Stored items from a collection
- - -
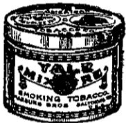
YALE MIXTURE —A very popular mixture—Havana, Perique, Turkish and finest Virginia selections. Sweet-flavored, mild and aromatic—in vacuum tins. 1 3/4 oz., 20c.; 3 1/2 oz., 40c.
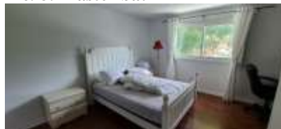
Pic. 11: Bedroom 2
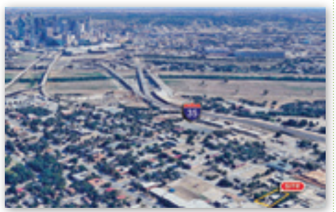
312 N LANCASTER, DALLAS ±100' X 183' UP TO 5 STORIES $450K
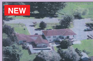
MASSIVE MULTI FAMILY HOME - UNIQUE DESIGN $678,500

Minutes from town & GO Train, a perfect hobby/horse farm or nature lover's retreat with ultimate privacy provided by majestic trees, 2 ponds, lovely gardens & a steel barn with 3 paddocks. Sprawling 3+2 bedrooms, 3 baths bungalow with lots of updates including replaced windows & exterior doors, furnace & much more. Bright totally finished lower level with front & rear walkouts with loads of space for nanny, in-laws, home office or additional living space. Includes appliances & a riding lawn mower. Fantastic value for this gorgeous property. Close proximity to 2 golf courses. What more do you need?
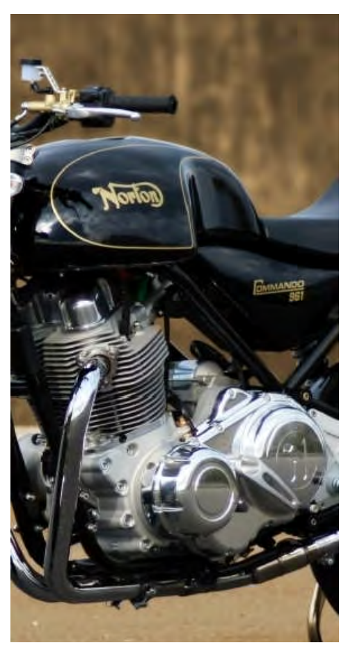
Commando 961 Sport
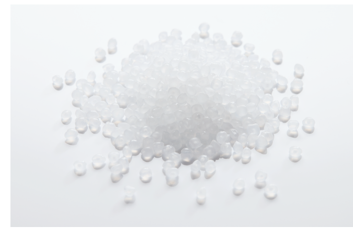
Figure 1: Polypropylene granulate

One of the most promising resources is used every day in the kitchens of restaurants, canteens or even at your home – used cooking oil (UCO). UCO is a mixture of triglycerides and free fatty acids and is, therefore, a good source of raw materials for many products, mostly used today to synthesize biodiesel, aviation fuel or lubricants, but it is also a useful source for other chemicals and products.
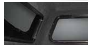
Gray Carpet Interior
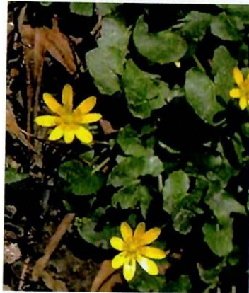
Lesser Celandine Ranunculus ficaria
- - -
== WHAT TO DO ==
Every entry should be written out word for word, except for its pictures.

== PROBLEM SOLUTION ==
YALE MIXTURE —A very popular mixture—Havana, Perique, Turkish and finest Virginia selections. Sweet-flavored, mild and aromatic—in vacuum tins. 1 3/4 oz., 20c.; 3 1/2 oz., 40c.
Pic. 11: Bedroom 2
312 N LANCASTER, DALLAS ±100' X 183' UP TO 5 STORIES $450K
MASSIVE MULTI FAMILY HOME - UNIQUE DESIGN $678,500

Minutes from town & GO Train, a perfect hobby/horse farm or nature lover's retreat with ultimate privacy provided by majestic trees, 2 ponds, lovely gardens & a steel barn with 3 paddocks. Sprawling 3+2 bedrooms, 3 baths bungalow with lots of updates including replaced windows & exterior doors, furnace & much more. Bright totally finished lower level with front & rear walkouts with loads of space for nanny, in-laws, home office or additional living space. Includes appliances & a riding lawn mower. Fantastic value for this gorgeous property. Close proximity to 2 golf courses. What more do you need?
Commando 961 Sport
Figure 1: Polypropylene granulate

One of the most promising resources is used every day in the kitchens of restaurants, canteens or even at your home – used cooking oil (UCO). UCO is a mixture of triglycerides and free fatty acids and is, therefore, a good source of raw materials for many products, mostly used today to synthesize biodiesel, aviation fuel or lubricants, but it is also a useful source for other chemicals and products.
Gray Carpet Interior
Lesser Celandine Ranunculus ficaria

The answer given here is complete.